Study Maps the Conditions That Trigger AI Citation Hallucinations

A new look at GPT-4o shows how easily citation trouble grows when the topic drifts into areas with thin research trails. The warning signs appear clearly in a controlled test where the model produced six mental health literature reviews and filled them with 176 citations. A closer inspection showed that 35 of those references did not exist and many of the remaining ones carried mistakes hidden in the details. The numbers set the tone for a pattern that shifts sharply depending on how familiar the topic is in the research world.

Researchers at Deakin University built the experiment around three disorders. Depression sat at the top of the visibility ladder, followed by binge eating disorder, then body dysmorphic disorder at the bottom. This mix created a natural gradient in research volume. Depression carries decades of trials and thousands of papers. The other two conditions occupy smaller footprints and offer far fewer studies on digital interventions. That uneven landscape became the test bed for the model’s strengths and misses.
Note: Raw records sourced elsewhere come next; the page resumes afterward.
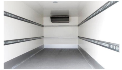
| verschiedene Ladebodenvarianten
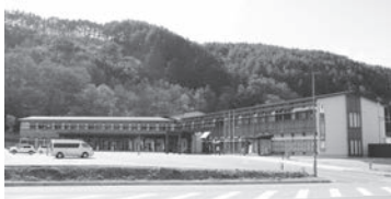
ながわごん、とJRバス
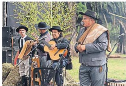
CLÁSICO. No faltarán los tradicionales payadores.
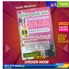
2024 A/L ET Past Paper Book (Tamil Medium) ₹ 850.00 or 3 X ₹ 283.33 with KOKO
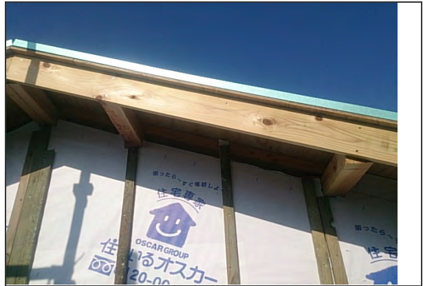
外壁 2次防水 施工状況 (4)
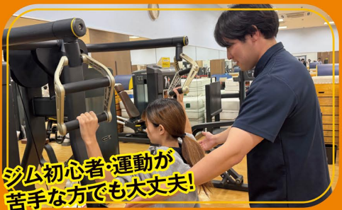
ジム初心者・運動が 苦手な方でも大丈夫!
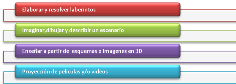
Figura 3. Actividades Inteligencia Visual-espacial

Las actividades que se pueden aplicar en el aula son las siguientes:
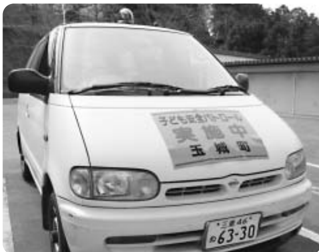
青色回転灯とパトロール実施中のシールを貼り警戒にあたります

これまでも、町内では下校中の小中学生を不審者が車に乗るよう誘うなどの声掛け事件が発生しており、犯罪防止の抑止効果に期待が寄せられています。
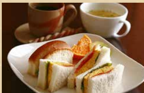
サンドイッチモーニング 500円 (税込)
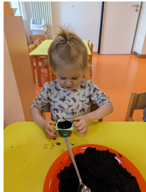
Angebot: Kresse ansäen
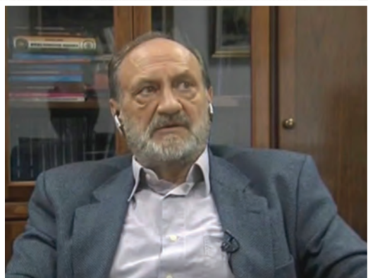
Nikola Poplašen (1998. - 1999.)

Kad se sve to sagleda i stavi i kontekst haosa na terenu, među narodom, i preglasavanja Srba i u Predsjedništvu i tadašnjoj Vladi, jasno je zašto smo 25. oktobra bili prisiljeni da formiramo Skupštinu srpskog naroda. Naprosto, to je bio naš odgovor na pravno nasilje koje nam je učinjeno.
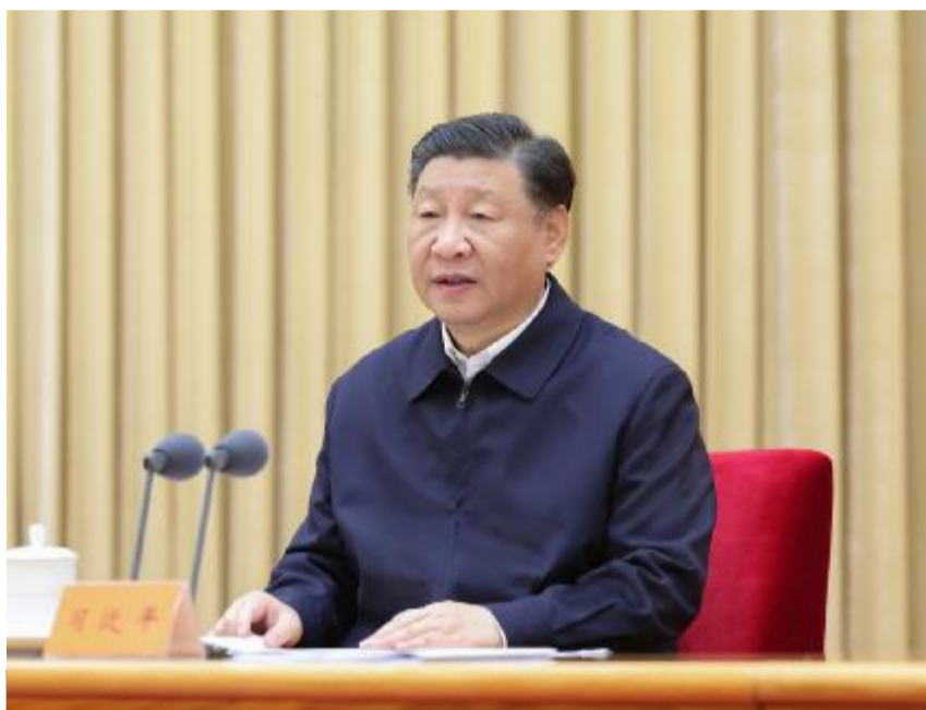
10月30日至31日,中央金融工作会议在北京举行。中共中央总书记、国家主席、中央军委主席习近平出席会议并发表重要讲话。

会议指出,高质量发展是全面建设社会主义现代化国家的首要任务,金融要为经济社会发展提供高质量服务。要着力营造良好的货币金融环境,切实加强重大战略、重点领域和薄弱环节的优质金融服务。始终保持货币政策的稳健性,更加注重做好跨周期和逆周期调节,充实货币政策工具箱。优化资金供给结构,把更多金融资源用于促进科技创新、先进制造、绿色发展和中小微企业,大力支持实施创新驱动发展战略、区域协调发展战略,确保国家粮食和能源安全等。盘活被低效占用的金融资源,提高资金使用效率。做好科技金融、绿色金融、普惠金融、养老金融、数字金融五篇大文章。要着力打造现代金融机构和市场体系,疏通资金进入实体经济的渠道。优化融资结构,更好发挥资本市场枢纽功能,推动股票发行注册制走深走实,发展多元化股权融资,大力提高上市公司质量,培育一流投资银行和投资机构。促进债券市场

Each disorder received two review requests. One prompt asked for a broad overview that covered causes, impacts and treatments. The other request drilled into digital interventions. The team wanted to see how topic familiarity and prompt depth shaped the reliability of the citations. They pulled every reference into a manual check across major academic databases. This process placed each citation into one of three buckets. Either it existed in the real world, it existed but contained errors, or it was fabricated outright.

The headline numbers make the problem easy to see. Out of 176 total citations, 35 were fabricated. Among the 141 real ones, 64 carried errors. Only 77 came through fully accurate. That means around half of all citations were unusable in scholarly work. DOI errors were the most common type of error. Wrong links, wrong codes, or completely invalid strings made many citations look correct at first glance but fail when checked against the actual paper.
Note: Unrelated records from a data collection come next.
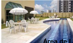
Área de Lazer
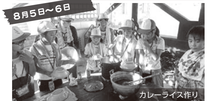
8月5日~6日 カレーライス作り 富士キャンプに向けて、勝野のびわ湖青少年の家で、1泊2日の事前研修を行いました。野外炊事では、班のメンバーで協力して、カレーライスを作りました。また、キャンプ当日の役割決めや、キャンプファイヤーでの出し物の練習など、楽しい富士キャンプになるように、子どもたち一人一人が積極的な姿勢で活動に参加している姿が見られ、団結が深まりました。 ※8月24日からの3泊4日で予定をしていた「富士キャンプ」は残念ながら台風の影響で中止となりました。(高島市青少年育成市民会議)
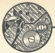
10 1/2''' - 1002
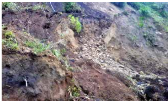
Rehabilitación La Merced - El Corazón
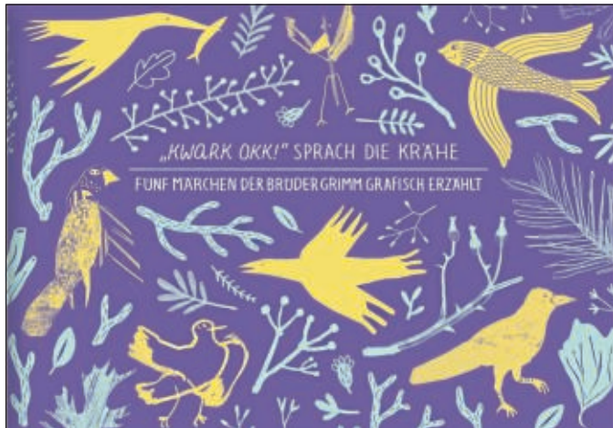
Cover: „KWARK OKK!“ SPRACH DIE KRÄHE
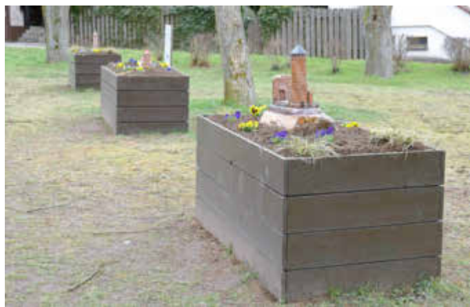
Im Garten der Sinne

Dahinter steckt die Idee, auch seh- und gehbeeinträchtigte Mitmenschen die historischen Denkmäler des Biosphärenreservats Bliessgau nahe zu bringen. Deshalb wurden mit viel Geduld und Liebe zum Detail maßstabsgerechte Modelle verschiedener regionaler Baudenkmäler hergestellt, die auf den Betonsockeln befestigt werden. Um die Modelle herum werden sukzessive duftende, aromatische und heilende Pflanzen ihren Platz finden. Tafeln mit Beschreibungen der als Modell dargestellten Sehenswürdigkeiten und der Pflanzen werden in Braille- und Druckschrift an den Kästen angebracht. Mit Rollstuhl oder Rollator kann man an die Installationen heranfahren und die Modelle haptisch erkunden, im wahrsten Sinne des Wortes begreifen. Wer sich im Garten der Sinne niederlässt, kann die Stille genießen und so auch seinem Gehörsinn etwas Ruhe gönnen.

The pattern became sharper when the team compared the three disorders. Depression showed the lowest fabrication count with only four fake citations out of 68. Binge eating disorder jumped to seventeen fabricated citations out of sixty. Body dysmorphic disorder followed closely with fourteen fabricated citations out of forty eight. Accuracy among the real citations also depended on the topic. Depression reached sixty four percent accuracy. Binge eating disorder reached sixty. Body dysmorphic disorder fell to twenty nine. The drop shows how the model struggles once the evidence base gets thin enough.
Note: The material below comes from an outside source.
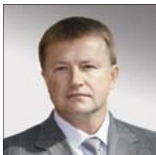
ГУБЕРНАТОР ТУЛЬСКОЙ ОБЛАСТИ Вячеслав Дмитриевич Дудка

Prompt specificity also shaped outcomes, though not in a simple way. Binge eating disorder showed the clearest effect. Its specialized review saw fabrication rise to almost half of the citations. The general overview stayed closer to one out of six. Other disorders showed different patterns. Depression’s general overview delivered better accuracy than its specialized review. Body dysmorphic disorder flipped that pattern and showed better accuracy when the prompt narrowed. These differences suggest the model reacts to the structure of the request and the strength of the underlying literature in different ways.

The study’s authors point out how much the model leans on patterns in public information. When the topic sits on a wide and stable base of research, the model has clearer pathways to follow. When the topic shifts to areas with fewer papers or narrower lines of inquiry, the model relies more on guesswork. The results from body dysmorphic disorder show how quickly accuracy collapses when the system tries to piece together references from scattered or limited material.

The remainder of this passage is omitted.